You have now given yourself some information to go on with, and indeed have identified most of the important fragments. Now, the tricky bit is putting them all together! Let's work through what you've got.
Let's first assume that the sample is pure, and the integrals are correct to within reasonable error. This then gives you 5 obvious environments with ratio 3:3:4:1:1. Environments with 4 equivalent protons are not that common, so we might suspect there is some overlap here, and that we have more than one group. So, I count 12 protons.
The peak at 0.9 integrates to 3 - it is most likely a methyl group, and is closely resembling a triplet, so we can make the guess that it is next to a CH2. (It is in fact not a true triplet, and is immediately recognisable as a terminal methyl for a longer alkyl chain - see this link for more information). But for now let's call it a triplet.
At 1.2, we also have a -CH3 (integrates as 3), which is a doublet, so must be next to a -CH.
The multiplet mess around 1.4 must contain at least one -CH2 (to couple to the methyl at 0.9), which will leave us with another -CH2, or perhaps two -CH groups.
That broad peak at 1.72 is characteristic of an alcohol peak. It is also indicative of a sample which, if not run almost neat, is very concentrated and in a dry solvent. Its integral is not quite correct, but probably because of some excess water in the sample. But it is broad, and in the correct region for an alcohol. You could confirm this by doing a D2O shake, and seeing this peak disappear.

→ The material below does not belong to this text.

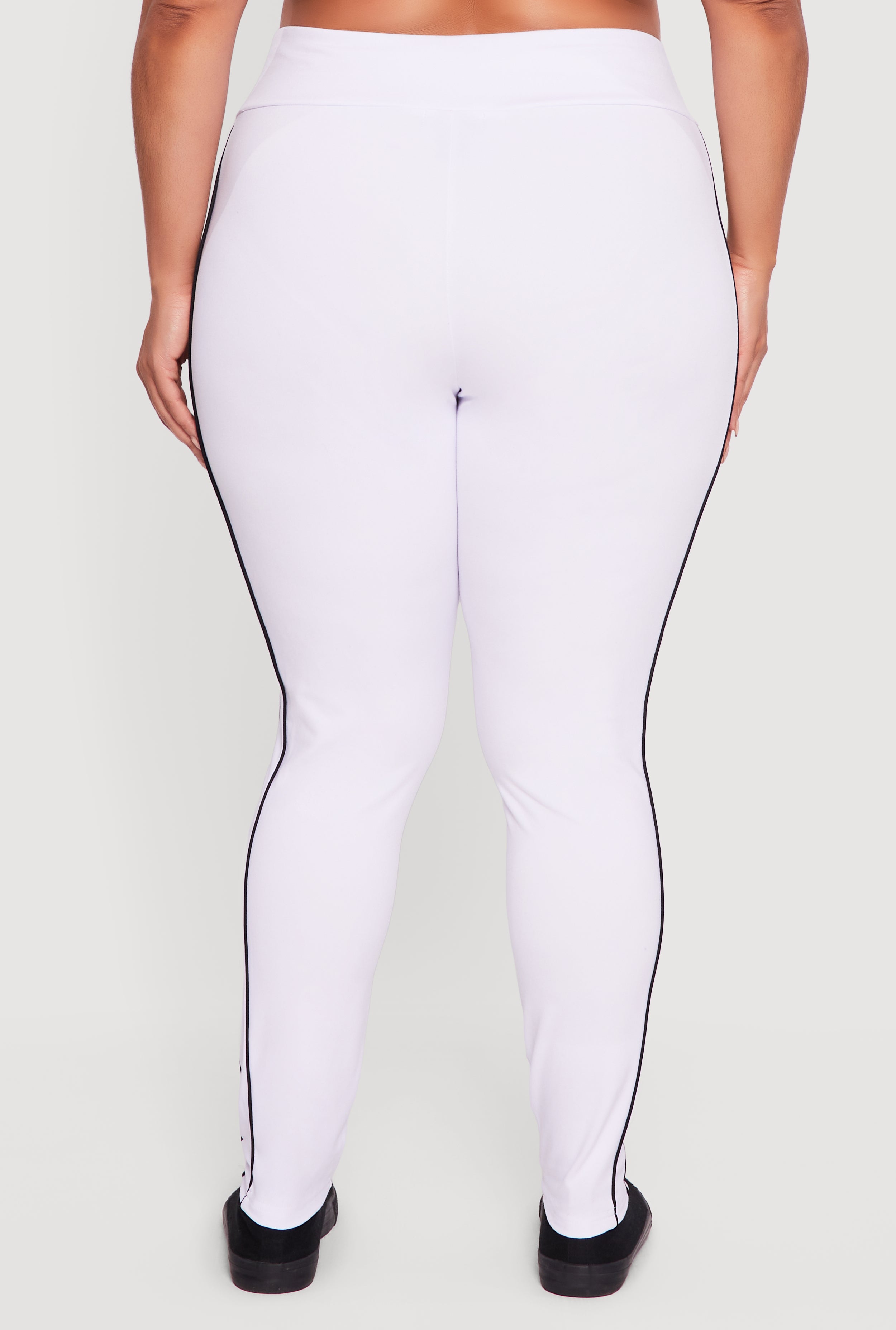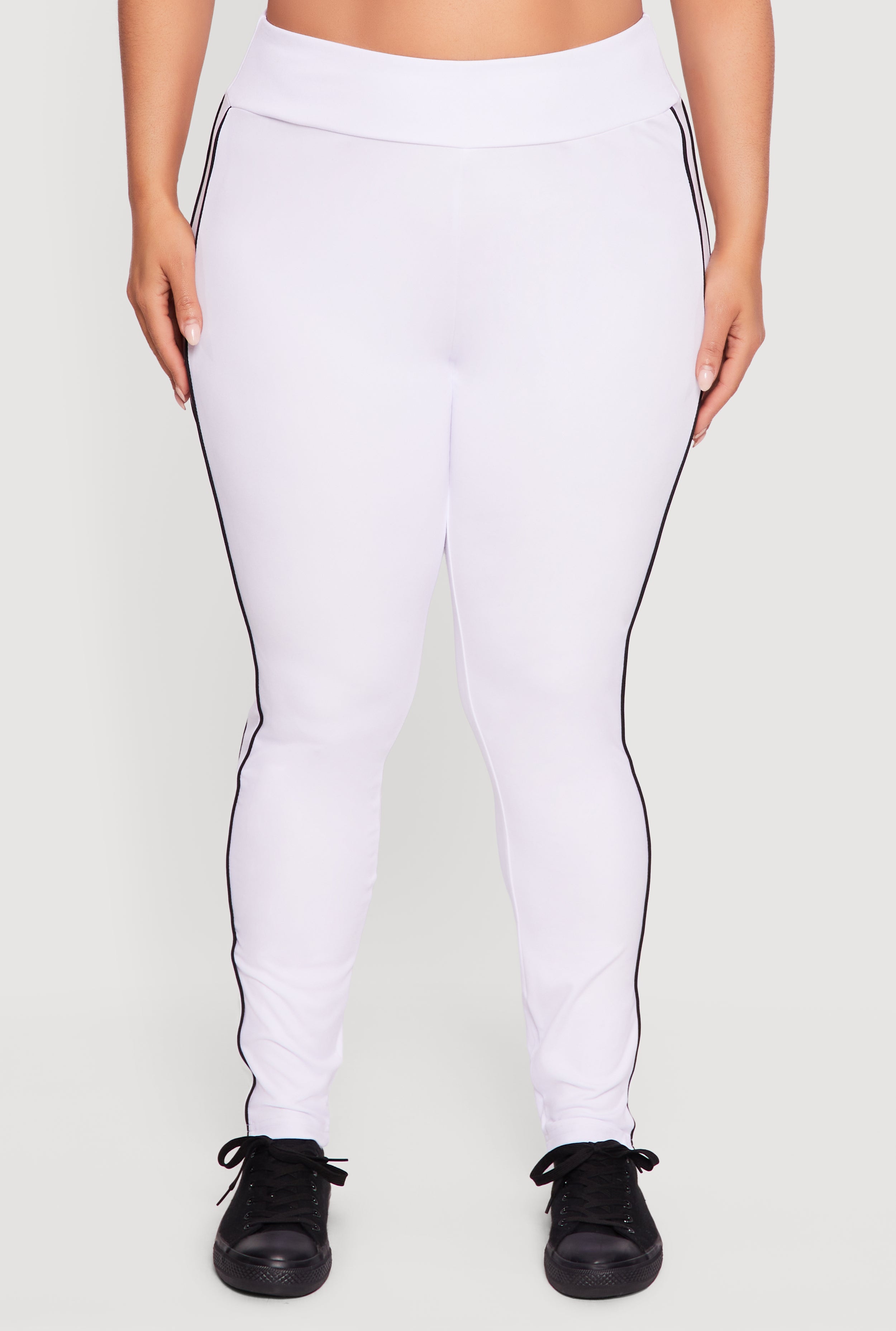 Step up your casual game with these Plus Size High Waisted Contrast Piping Side Leggings designed to flatter and move with you. Featuring a high-waisted fit and sleek skinny leg silhouette, these leggings bring a sporty edge with contrast piping down the sides. Perfect for lounging, running errands, or light workouts, they blend comfort and style effortlessly.

And, at 3.8 you have a -CH which is coupled to more than one thing. You have reasonably proposed that it is adjacent to a -CH3 and -CH2- Its chemical shift suggests that it is near some electronegative group or deshielding group. Knowing you have an alcohol might help narrow the possibilities here. The chemical shift is not indicative of a ring on its own. An alkyl ring would still be to higher field.
So, let's summarise what you know:
I think there is perhaps only one way to connect these fragments....
The key to these types of questions is that once you propose a structure, you can then go back and rationalise what you see to test the structure. Sometimes, you might have to come up with several structures before you get the correct one. But it usually best to start with the simplest, most probable and start eliminating from that.
If you still have problems with understanding any of this, ask some more, and we can go from there.